**WORK INSTRUCTION**
Beginning with the line that holds "Vous partirez de" and finishing with the line that holds "Los papás de", repeat the listing exactly, leaving every picture out.

**DATA FOR THIS EXERCISE**
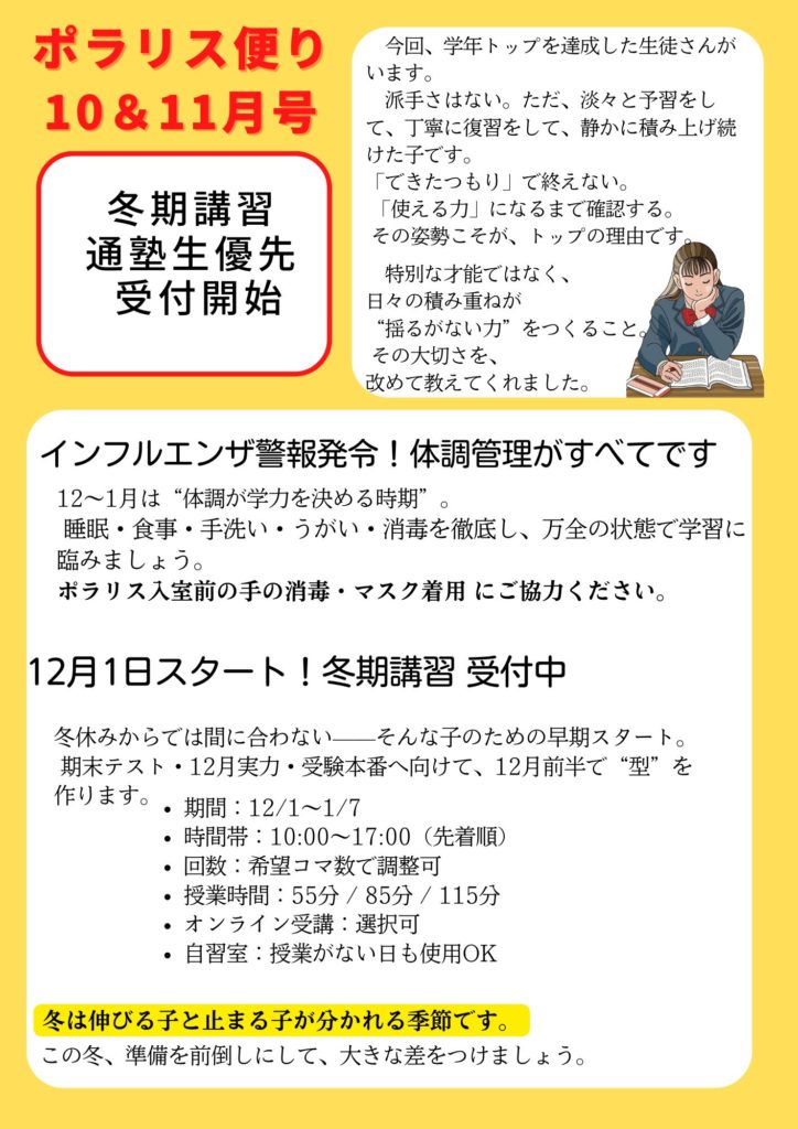 ポラリス便り ポラリス便り10&11月号 inoue 2025年11月18日 Follow me! お気軽にお問い合わせください。079-222-1315受付時間 9:00-21:00 電話メール FacebookXBlueskyHatenaCopy 中学生 受験 姫路 中学入試 算数 冬期講習 数学 塾 個別指導 小学生 ポラリスへのお問い合わせは お気軽にお問い合わせください。079-222-1315受付時間 9:00-21:00 電話 メール お気軽にお問い合わせください。079-222-1315受付時間 9:00-21:00 電話メール FacebookXBlueskyHatenaCopy
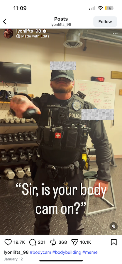 In a video Lyon posted Jan. 12, the words “Sir, is your body cam on?” flash on the screen before Lyon, in his police uniform, takes the body camera off and drops it.
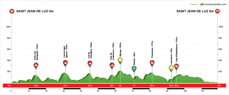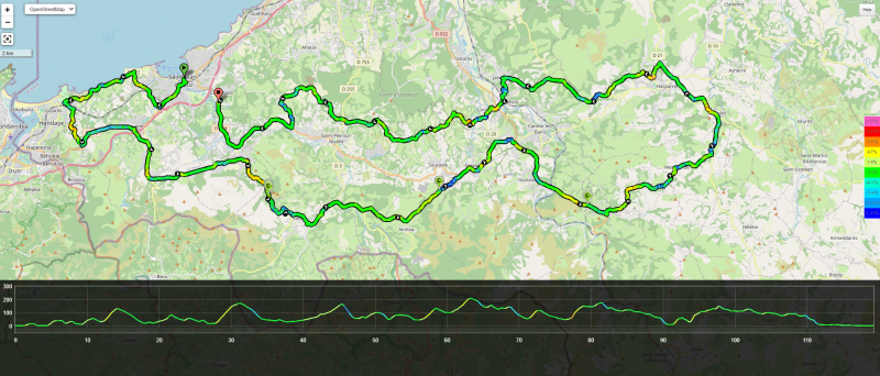 Vous partirez de la cité des corsaires, Saint-Jean-de-Luz, longerez la corniche jusqu’à la frontière avec l’Espagne toute proche. Votre route vous mènera alors à l’intérieur des terres basques. Alternant circuit roulant, cols et « belles bosses », vous apprécierez le paysage environnant tout au long des 120km et des 1950m de dénivelé.
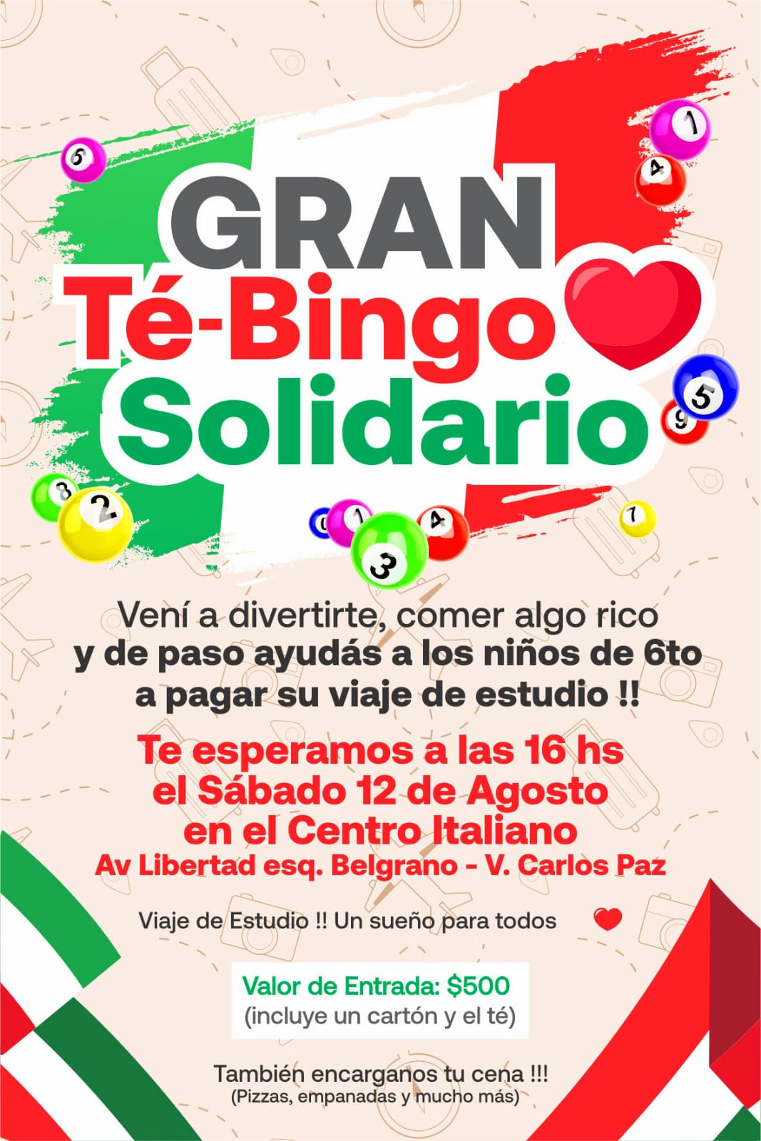 Los papás de los alumnos de sexto grado del Instituto Dante Alighieri de Villa Carlos Paz, invitan a un Té Bingo que se concretará este sábado para colaborar con el viaje educativo que realizarán los chicos a la provincia de Salta.
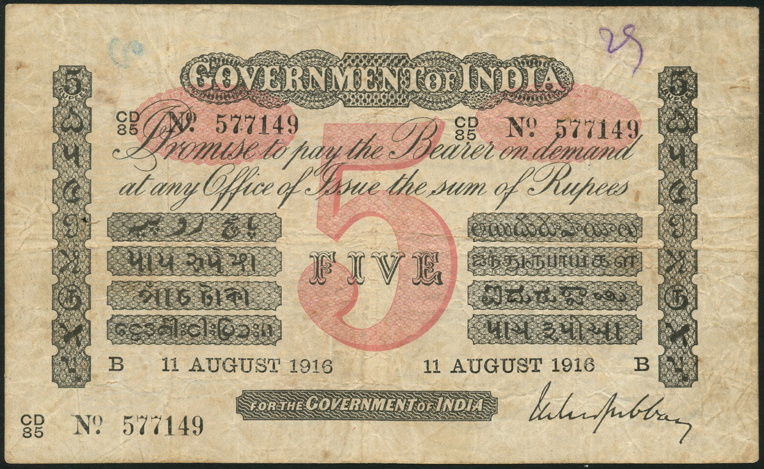 (x) Government of India, 5 rupees, 11 August 1916, serial number CD/85 577149, black and white, value in pink underprint at centre, Gubbay signature
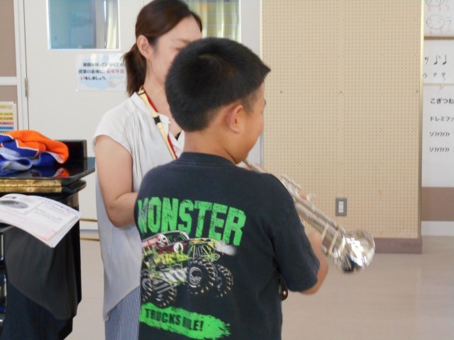 3年2組の4時間目の授業は音楽です。今日の学習は「トランペットとホルンのひびきにしたしみましょう」でした。最初に3年生から学習をはじめたリコーダーで「メリーさんのひつじ」を演奏しました。2つの旋律が重なってとてもきれいな音色で演奏することができました。次に管楽器の学習をしました。初めて間近にみる管楽器に子どもたちは大興奮でした。代表で一人の児童がトランペットを演奏してみました。初めてマウスピースを使って演奏したのに、上手に音を出すことができました。「演奏したい人は来週の休み時間に音楽室に来てください。」と先生が声をかけるとまたまた大興奮!!管楽器の音色に親しむことができましたね。
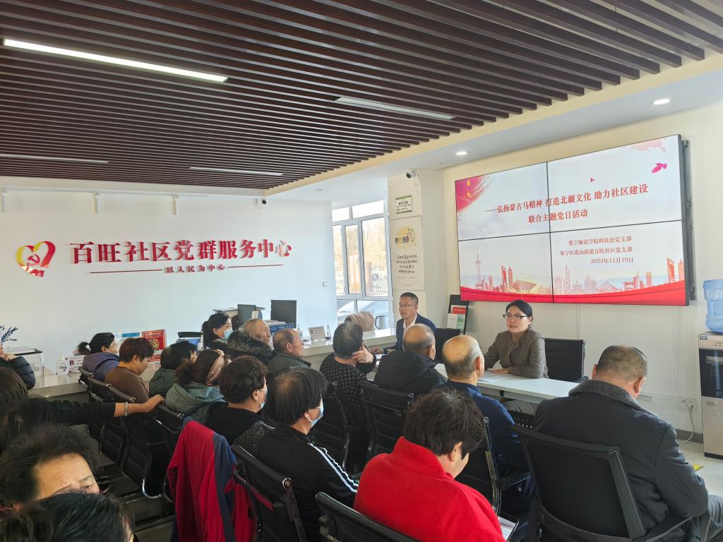 11月19日下午,beat365正版唯一官方网站科技处党支部联合集宁区虎山街道百旺社区党支部在百旺社区党群服务中心一楼开展宣讲“弘扬蒙古马精神 打造北疆文化 助力社区建设”主题的党日活动。科技处党支部全体人员、百旺社区党支部全体工作人员以及党员近40余人参加活动。活动由beat365官网科技处副处长尚妤主持。
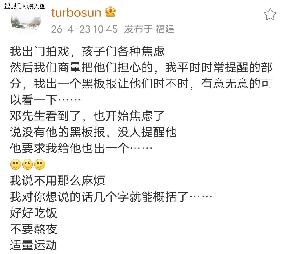 面对老公的撒娇,孙俪无奈又宠溺,只写了三句简单又实在的叮嘱:“好好吃饭,不要熬夜,适量运动”。
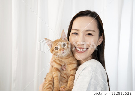 猫を抱いた女性
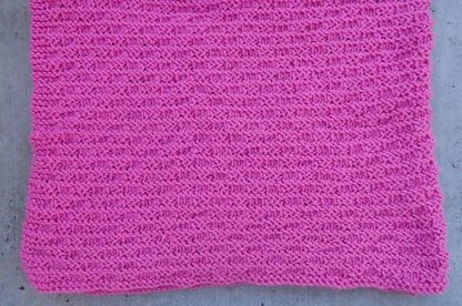 Easy stitch up on the roof baby blanket. Uses worsted weight yarn and # 10 knitting needles.
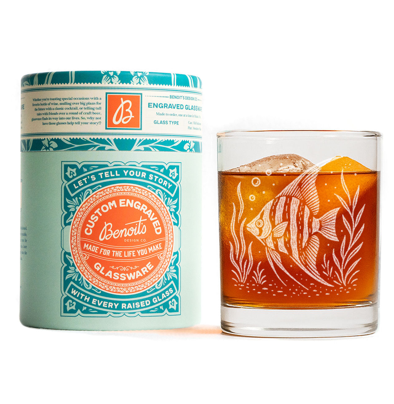 Bring a touch of underwater elegance to every sip with our Angelfish Glass. Featuring a beautifully detailed laser-etched angelfish surrounded by gentle aquatic linework, this design captures the grace and ease of life beneath the waves. Perfect for beach lovers, aquarium enthusiasts, tropical travelers, or anyone drawn to the calm of the sea.
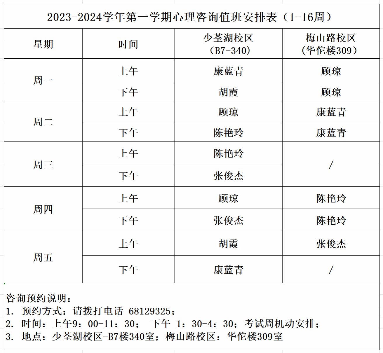 本学期心理咨询中心日常约访工作已经正式开始,欢迎广大在校师生预约来访(少荃湖校区、梅山路校区同时进行)。值班安排如下:

**RESPONSE**
 Vous partirez de la cité des corsaires, Saint-Jean-de-Luz, longerez la corniche jusqu’à la frontière avec l’Espagne toute proche. Votre route vous mènera alors à l’intérieur des terres basques. Alternant circuit roulant, cols et « belles bosses », vous apprécierez le paysage environnant tout au long des 120km et des 1950m de dénivelé.
 Los papás de los alumnos de sexto grado del Instituto Dante Alighieri de Villa Carlos Paz, invitan a un Té Bingo que se concretará este sábado para colaborar con el viaje educativo que realizarán los chicos a la provincia de Salta.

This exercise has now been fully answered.